When we stratified the alcohol consumption data by gender for the cases vs controls; we observed that the total alcohol consumption in the past 30 days (total drinks and average drinks per drinking day) was similar between men and women within the control and case groups. The episodic drinking score was higher in the women than the men in the case, but not control, group. There were no differences in the binge drinking measures between men or women within the control or case groups (Table 2). Men reported higher maximum drinks on a single occasion than women in both the controls and cases.

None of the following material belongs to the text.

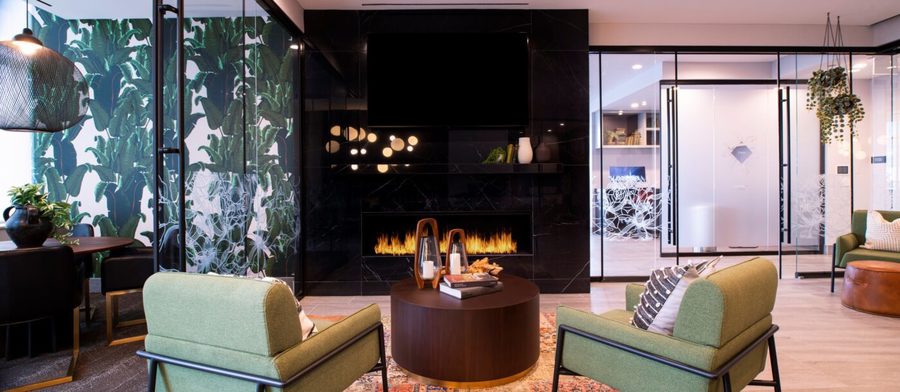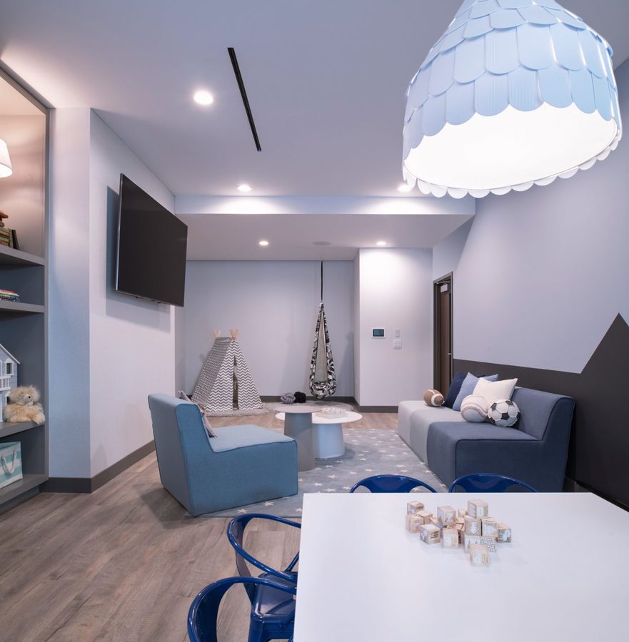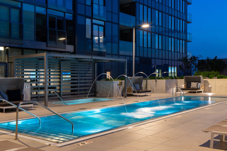 Resort-quality amenities were designed to impress and provide plenty of recreation and relaxation options for residents. They include a hot tub, sauna, heated pool, huge green space terrace, fitness center, indoor basketball court, bowling alley, outdoor bocce ball court, and several gorgeous lounge areas.

We also examined the differences in alcohol drinking quantity and pattern between men with and without AH, and women with and without AH (Table 2). For the men, the controls had higher total drinks and average drinks per drinking day, and a higher percentage of binge drinking daily than the men with AH. For women, the controls had higher total drinks and average drinks per day, higher episodic drinking scores, and higher binge drinking daily or weekly (NIAAA questions) than did the women with AH. There were no differences in maximum drinks on one occasion between men and women with and without AH.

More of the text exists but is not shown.